Up to and including the line bearing "L’oiseau emblème du", output every line of the entries exactly as written, starting from the first; pictures stay out.
--- START ---
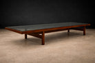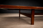 Designed in the 1950s by Joaquim Tenreiro, this large coffee table is a refined example of Tenreiro’s structural and material clarity. Crafted entirely from Brazilian rosewood (Jacarandá), the table is defined by four slender legs connected by horizontal wooden stretchers, creating a visually balanced and architecturally grounded composition.
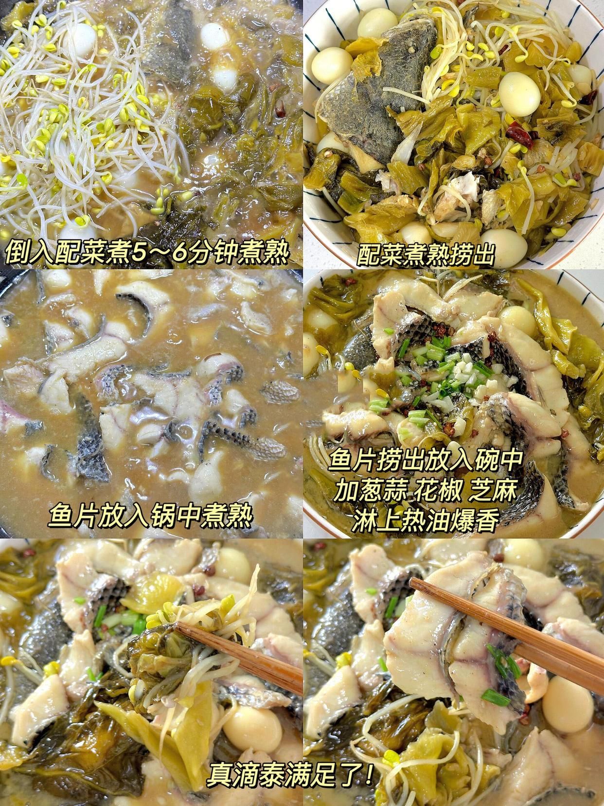 湯煮好后用漏勺撈出所有固體(魚骨、酸菜等),鋪在大碗底部當"打底天團"。接著放入豆芽和剝殼的鵪鶉蛋,煮3分鐘后撈出鋪在酸菜上。保持湯面微沸狀態,把腌好的魚片一片片展開下鍋,全部下完后等10秒再用筷子輕輕撥散,煮1分30秒立即關火(魚片變白卷曲就趕緊撈,煮太久會碎!)。
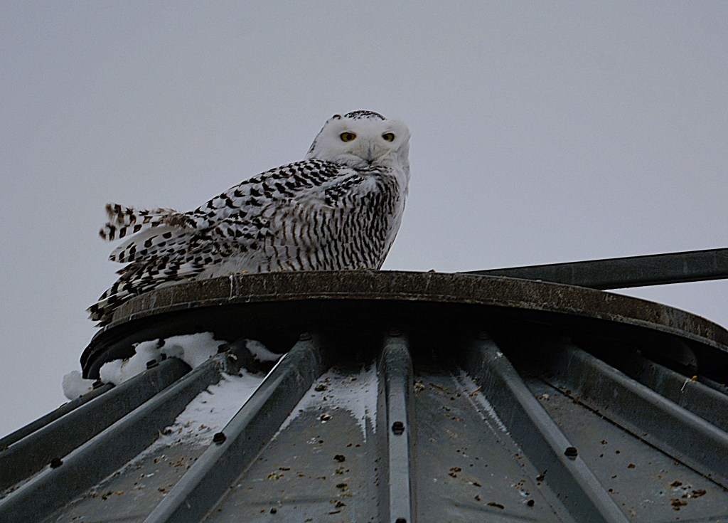 L’oiseau emblème du Québec depuis 1987 nidifie au nord, mais il est souvent vu au sud en hiver en milieu agricole à la recherche de petits rongeurs et d’oiseaux. L’adulte est presque tout blanc. On retient chez le harfang sa face d’un blanc immaculé. On le voit souvent perché sur des poteaux, des piquets ou des silos. Il a une présence presque fantomatique par temps gris et neigeux.
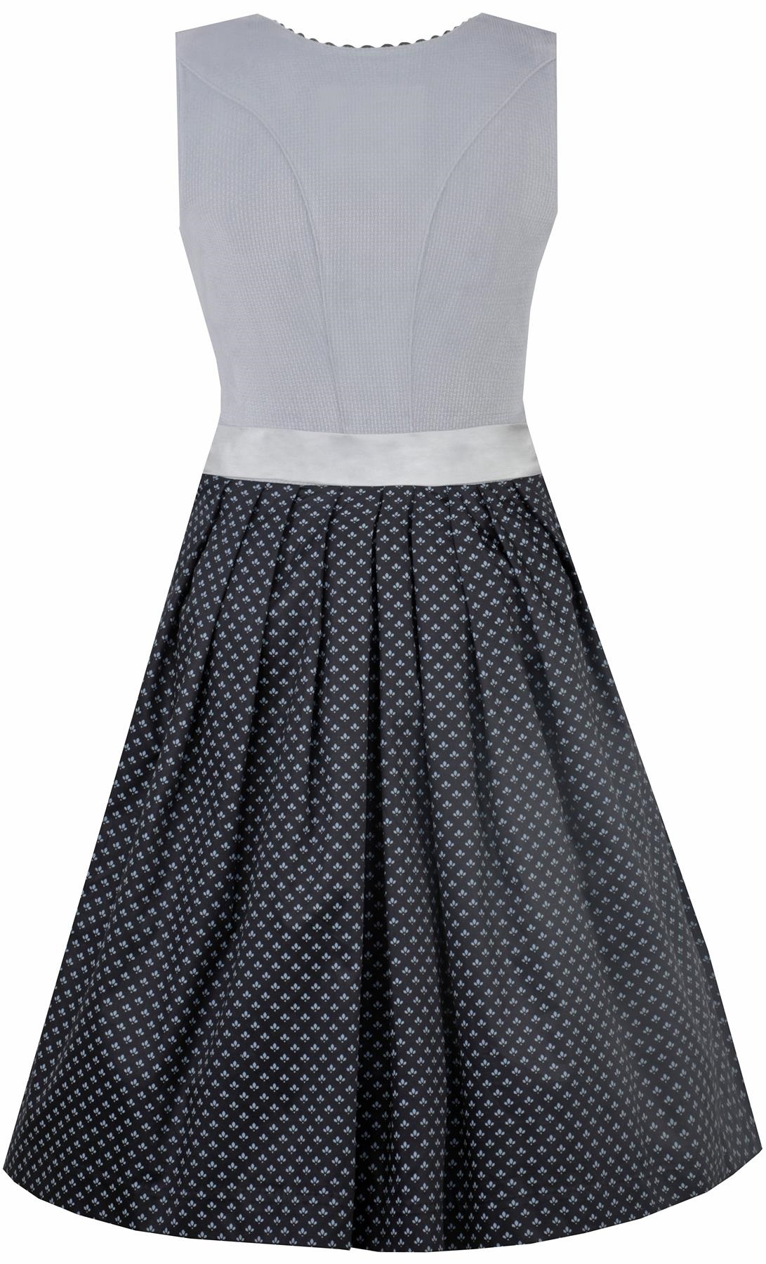 Neutral black and silver colour combo never goes out of style.ย The bodice is textured velvet in a soft silver-grey; the skirt portion is 100% cotton in black with scattered medium grey-blue print and the apron is silver taffeta with black trim at the hemline.ย The apron strings have interior elastic and fasten at the front with a decorative antique-silver tone clip.
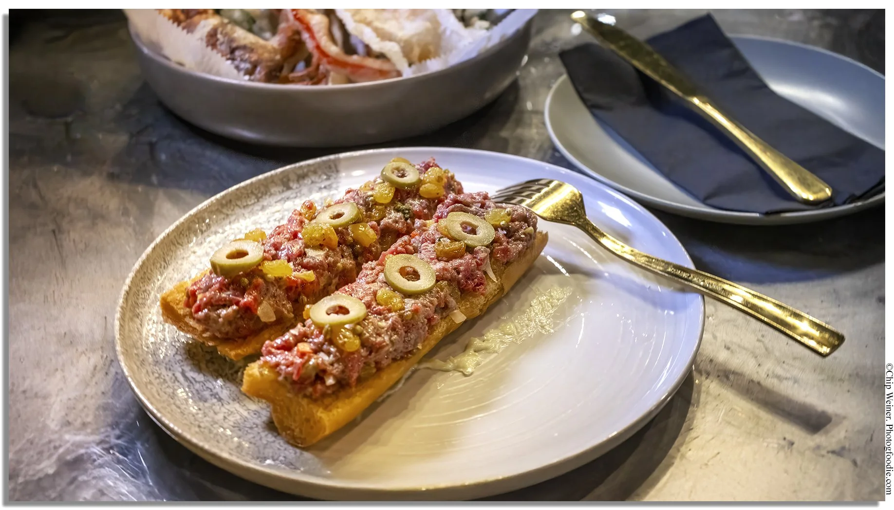 Picadillo Tar Tar - Grass-fed beef tartare on fried Cuban bread with golden raisins, mostarda, smoked olives, and sofrito.
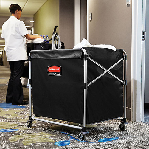 Rubbermaid Collapsible 300 Litre X-Cart X-frame folding cart transports and stores large bulky loads of sheets and towels, etc., then folds compactly for storage. Suitable for Hospitals, Hotels, Hostels, Resorts, Pools and Fitness Centres
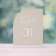 Minimaler Arch Form Script Beige Tischnummer Acrylschild
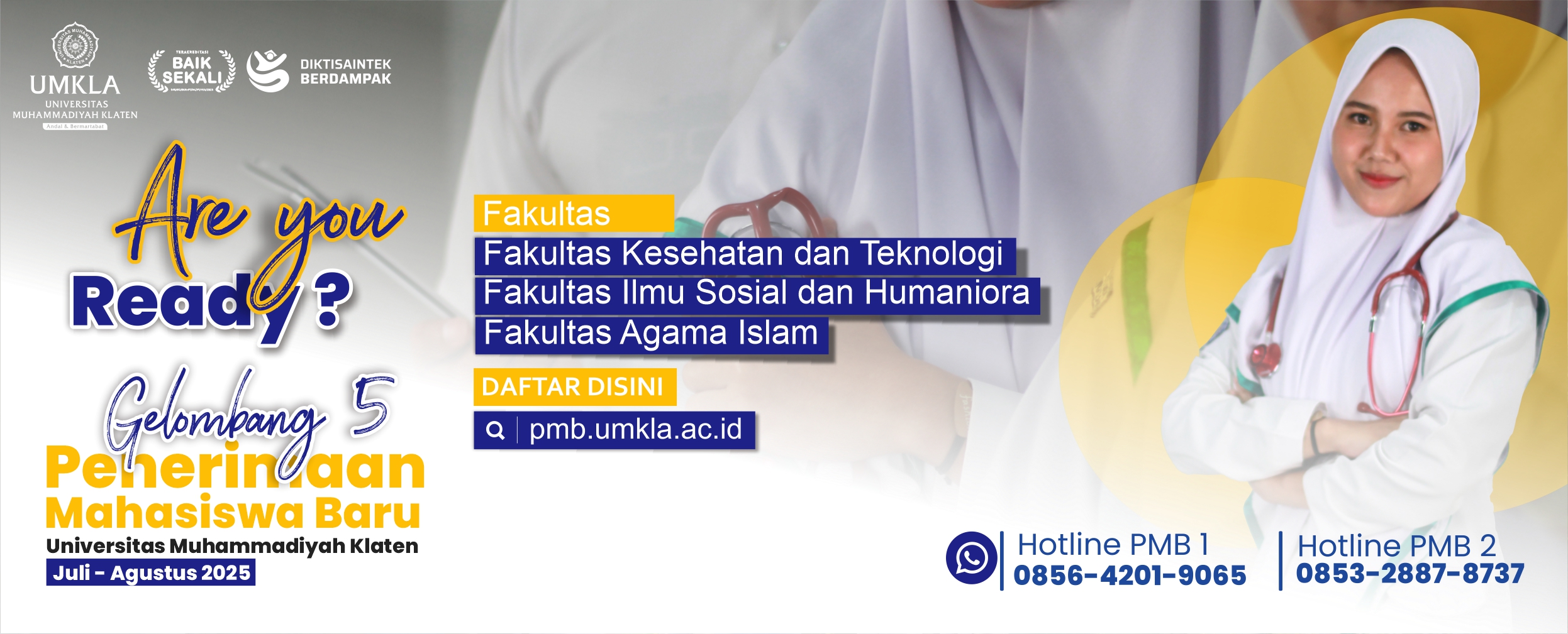 Universitas Muhammadiyah Klaten memiliki beragam pilihan program studi yang tentunya memberi kesempatan yang lebih luas untuk studi lanjut sesuai dengan peminatan calon mahasiswa
--- END ---
• _Solved problem_:
 Designed in the 1950s by Joaquim Tenreiro, this large coffee table is a refined example of Tenreiro’s structural and material clarity. Crafted entirely from Brazilian rosewood (Jacarandá), the table is defined by four slender legs connected by horizontal wooden stretchers, creating a visually balanced and architecturally grounded composition.
 湯煮好后用漏勺撈出所有固體(魚骨、酸菜等),鋪在大碗底部當"打底天團"。接著放入豆芽和剝殼的鵪鶉蛋,煮3分鐘后撈出鋪在酸菜上。保持湯面微沸狀態,把腌好的魚片一片片展開下鍋,全部下完后等10秒再用筷子輕輕撥散,煮1分30秒立即關火(魚片變白卷曲就趕緊撈,煮太久會碎!)。
 L’oiseau emblème du Québec depuis 1987 nidifie au nord, mais il est souvent vu au sud en hiver en milieu agricole à la recherche de petits rongeurs et d’oiseaux. L’adulte est presque tout blanc. On retient chez le harfang sa face d’un blanc immaculé. On le voit souvent perché sur des poteaux, des piquets ou des silos. Il a une présence presque fantomatique par temps gris et neigeux.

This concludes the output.